The other enormous change in single lives was the addition of children.

Back in 1960 an approximate 10 percent of all unwed mothers had kept their babies; ten years later that number had climbed to 45 percent, and in 1975 fully half of all unwed mothers—in most major cities in the Western world—kept their babies. When interviewed, most of these women said they’d like a mate and a large number indicated that they had wanted to live with the baby’s father. Then they’d go on to explain why, for many complex reasons, it was not possible. But that didn’t change a thing about the baby. He/she was hers and belonged to her alone (not in any way to her parents, spouse, priest, “society,” or the baby’s father), and she planned to raise him/her on her own. Starting in 1970, more young mothers every year would never marry.

It had also become easier for a single woman to adopt. In 1968 New York City officials had looked at the “staggering illegitimacy rate” and decided, according to one city-administration official, that “half a home would be better than none.” Borrowing from a Los Angeles program, New York social services offered to qualified singles “children termed hard to adopt,” meaning over the age of three, handicapped, or mixed-race. The adoptive parent had to meet specific criteria—have a steady income and a college degree. It was important that they have primary family members nearby. As it happened, all of those who qualified were women, former or full-time social workers, either widows or divorcees.

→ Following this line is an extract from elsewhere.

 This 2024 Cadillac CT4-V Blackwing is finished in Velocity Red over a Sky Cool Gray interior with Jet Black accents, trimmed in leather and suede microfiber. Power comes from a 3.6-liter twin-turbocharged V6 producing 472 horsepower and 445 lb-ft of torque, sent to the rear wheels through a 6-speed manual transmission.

The most visible symbols of change were not these sudden mothers minus fathers but the outspoken and very cool-looking single celebrities. The best example of the breed was without a doubt Gloria Steinem. Steinem began her public life during the early sixties as a hardworking
journalist, who happened to be very pretty and went to A-list parties and dated famous men. She hated being referred to as a “woman writer,” which of course meant the secondary, soft kind of reporter. But from the start of her writing career, she’d been drawn to women as a subject. To mass changes occurring in women’s lives. And to situations that exposed what was not yet called sexism. She also chose female subjects who seemed to have much stifled anger and no voice, most famously Pat Nixon, who managed to express much outward public rage at Steinem’s perceptive and honest portrayal.

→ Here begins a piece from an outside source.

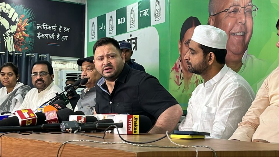 तेजस्वी ने आगे कहा कि 2003 में जिनका नाम वोटर लिस्ट में है उसके संबंध में चुनाव आयोग ने 24 जून, 2025 के आदेश में जिक्र किया लेकिन चुनाव आयोग के कथनी और करनी में काफी अन्तर है। क्या 2003 के बाद जितने भी मतदाता के नाम अंकित है या जुड़े हैं वे सब फर्जी हैं। चुनाव आयोग को स्पष्ट करना चाहिए। 65 लाख एस.आई.आर के बाद नाम हटा दिये गये लेकिन उपमुख्यमंत्री जो प्रधानमंत्री जी के खासमखास हैं उनके द्वारा जो वोटर लिस्ट में घोटाला और उम्र घोटाला किया गया है उसके लिए चुनाव आयोग को दोषी माना जाय या विजय सिन्हा को। इसे लिए विजय सिन्हा दोषी है तो इनपर कार्रवाई क्यों नहीं हो रही है और अब तक चुनाव आयोग इस मामले में चुप्पी क्यों साधे हुए हैं जबकि तेजस्वी के मामले पर चुनाव आयोग तुरंत माहौल बनाने का और मीडिया ट्रायल का कार्य किया गया था। जिस तरह का कार्य हो रहा है उससे स्पष्ट होता है कि चुनाव आयोग हर दिन अपना ड्राफ्ट लिस्ट को बदल रही है। पहले नाम से ही डिजिटली वोटर लिस्ट में नाम अपलोड हो जाते हैं लेकिन नई फाईल के बाद सर्च करना आसान नहीं रह गया है। लोकसभा में नेता प्रतिपक्ष श्री राहुल गांधी जी के सवाल उठाने के बाद चुनाव आयोग इस तरह के ड्राफ्ट सूची को बदल दी है और जो पहले से फाईल मतदाता सेवा पोर्टल के माध्यम से आता था उसे बंद कर दिया गया है। जिस तरह का चुनाव आयोग के द्वारा गंदा खेल खेला जा रहा है इससे स्पष्ट होता है कि भाजपा के इशारे पर और उनके अनुसार ही चुनाव आयोग कार्य कर रही है। जब माननीय सर्वोच्च न्यायालय के दिशा-निर्देश और उनके सुझाव को भी चुनाव आयोग नहीं मान रही है तो इसी से समझा जा सकता है कि किस तरह का खेल खेला जा रहा है। इन्होंने कहा कि हमलोग लोकतंत्र और बिहार के लोगों के अधिकार की लड़ाई को सदन, सड़क से लेकर न्यायालय तक ले जाने का काम किया है और आगे भी आगे भी करेंगे क्योंकि लोकतांत्रिक प्रक्रिया को कमजोर करने वाली कार्रवाई एस.आई.आर के नाम पर चल रही है और भाजपा चुनाव आयोग को माध्यम बनाकर मतदाताओं के अधिकार को छीनना चाहती है।

The details of Gloria’s life intrigued people. She’d grown up poor and neglected, then won a scholarship to Smith and spent a year abroad as a Neiman Fellow in India. She returned to New York and settled into an Indian-themed studio in the East Seventies that she kept filled at all hours with interesting people—politicians, reporters, actors, and, increasingly, prominent women. Over the years, Gloria was most frequently pictured out dancing with her wealthy, good-looking beaux. But by the early seventies, once she’d been declared the new voice of feminism, magazines like
Newsweek
stopped the dance-party photos and went with long vertical shots of her giving speeches, the sort where the viewer begins at the shoes and works up the long, long legs to the incredibly short dress, to the famous hair, and then, lastly, the microphone.

No matter what Gloria Steinem said or did, no matter whom she interviewed—and she was for a long time a political columnist for
New York
magazine—it would be noted only that she “did something for clinging dresses,” thanks to legs “worthy of mini skirts.”

She was described as “the thinking man’s Jean Shrimpton.” Even after she’d founded
Ms.,
turned her apartment into a sort of women’s shelter, and become the women’s movement’s most important player, its secret weapon—the one not perceived as ugly, angry, or cranky—here’s how people wrote about her: “She stands there, striking in hip-hugging raspberry Levi’s, 2-inch high wedgies and a tight poor-boy t-shirt. Her long blonde-streaked hair falls just so above each breast and her cheerleader-pretty face has been made wiser with the addition of blue-tinted glasses; she is the chic apotheosis of with-it cool.”

Gloria Steinem liked to state that “young girls were refusing to be blackmailed into domesticity.” But no matter what she said, the ultimate question for Gloria Steinem was always
What about you
? She was gorgeous, though well into her thirties, and so what was she waiting for? When all was said and done, people wanted to know When Would Gloria Settle Down?
*
Otherwise put, when would she shut up and get a man?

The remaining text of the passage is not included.